A fine-scale source apportionment of PM₁₀ in different urban typologies (background, pedestrianized hyper-center, and peri-urban) in a small-scale area (<15 km) was performed using PMF 5.0. Additional organic tracers (MSA, cellulose, 3-MBTCA, pinic acid, and phthalic acid) were used to supplement the standard input variables. An 11-factor optimal solution was found for each of the three urban sites, including primary traffic, nitrate-rich, sulfate-rich, industrial, biomass burning, aged sea salt, sea/road salt, mineral dust, primary biogenic, secondary biogenic oxidation, and MSA-rich sources. The results from previously reported PMF studies in Grenoble (Srivastava et al., 2018b; Weber et al., 2019) were confirmed by the findings in this study particularly the long-term stability of regional source emissions 5 years apart.

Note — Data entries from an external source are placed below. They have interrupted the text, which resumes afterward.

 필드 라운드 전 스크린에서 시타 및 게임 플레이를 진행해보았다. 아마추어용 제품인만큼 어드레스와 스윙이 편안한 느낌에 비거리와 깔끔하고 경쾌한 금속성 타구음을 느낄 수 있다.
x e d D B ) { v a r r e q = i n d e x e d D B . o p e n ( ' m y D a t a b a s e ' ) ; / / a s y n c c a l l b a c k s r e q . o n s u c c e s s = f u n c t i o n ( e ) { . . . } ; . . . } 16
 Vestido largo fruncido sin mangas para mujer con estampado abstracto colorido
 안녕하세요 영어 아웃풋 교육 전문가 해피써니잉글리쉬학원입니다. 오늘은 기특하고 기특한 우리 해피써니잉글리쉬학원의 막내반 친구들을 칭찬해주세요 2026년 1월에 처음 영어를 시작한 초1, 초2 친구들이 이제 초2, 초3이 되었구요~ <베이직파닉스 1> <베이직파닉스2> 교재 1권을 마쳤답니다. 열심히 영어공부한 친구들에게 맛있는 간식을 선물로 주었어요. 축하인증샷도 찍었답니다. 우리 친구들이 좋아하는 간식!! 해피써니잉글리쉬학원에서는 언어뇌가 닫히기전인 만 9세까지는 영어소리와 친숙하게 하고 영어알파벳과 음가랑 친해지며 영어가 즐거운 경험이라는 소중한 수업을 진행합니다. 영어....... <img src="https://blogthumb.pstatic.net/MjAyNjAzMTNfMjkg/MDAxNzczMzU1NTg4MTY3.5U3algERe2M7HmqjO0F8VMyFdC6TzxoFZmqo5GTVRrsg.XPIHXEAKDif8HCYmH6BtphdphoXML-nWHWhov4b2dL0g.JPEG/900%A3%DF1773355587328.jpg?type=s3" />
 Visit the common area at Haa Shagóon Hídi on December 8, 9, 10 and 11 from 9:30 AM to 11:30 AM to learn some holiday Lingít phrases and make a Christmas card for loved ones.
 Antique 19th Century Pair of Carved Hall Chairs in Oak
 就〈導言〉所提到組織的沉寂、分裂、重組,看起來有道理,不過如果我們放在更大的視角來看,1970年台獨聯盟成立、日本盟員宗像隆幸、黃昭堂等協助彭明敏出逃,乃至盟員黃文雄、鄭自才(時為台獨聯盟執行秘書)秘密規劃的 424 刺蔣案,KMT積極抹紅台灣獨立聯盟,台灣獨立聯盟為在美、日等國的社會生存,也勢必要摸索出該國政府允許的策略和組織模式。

The PMF solution obtained with the additional organic tracers resulted in

1. the improvement of PM₁₀ mass closure and the exploration of appropriate input variable uncertainties;

2. the re-assignment of the bulk sulfate-rich factor contribution to more descriptive secondary aerosol sources in the atmosphere;

3. the clear identification of commonly unresolved sources in the SOA fraction (e.g., primary biogenic, traced by the polyols and cellulose; secondary biogenic oxidation, traced by 3-MBTCA and pinic acid; and MSA-rich, traced by the MSA) in different urban typologies;

4. the decreased uncertainties, for both BS and DISP error estimates, that further strengthened confidence in the PMF solution; and

5. the increased knowledge of the stability of the chemical profiles of the factors, which could be a key when using them in further large-scale analysis or modeling.

The three-site comparison at a local scale

• 6.

  highlights very similar profiles and temporal evolution in the factor contributions at a conurbation scale (such as the Grenoble basin);

• 7.

  allows the determination of local heterogeneities in a small-scale area; and

• 8.

  pointed out some difficulties to disentangle the secondary inorganic sources (${\mathrm{NO}}_{\mathrm{3}}^{-}$ and ${\mathrm{SO}}_{\mathrm{4}}^{\mathrm{2}-}$) and some mixing between both species may occur.

Overall, an enhanced and fine-scale source profile of PM₁₀ was obtained in the Grenoble basin. The trend observed in the MSA-rich, secondary biogenic oxidation, and primary biogenic factors showed the extent of this phenomenon suggesting importance of the contribution of biogenic sources, both primary and secondary. The significant percentage attributed to SOA sources revealed the strong necessity of organic molecular tracers in fully discriminating the origins of PM₁₀ sources.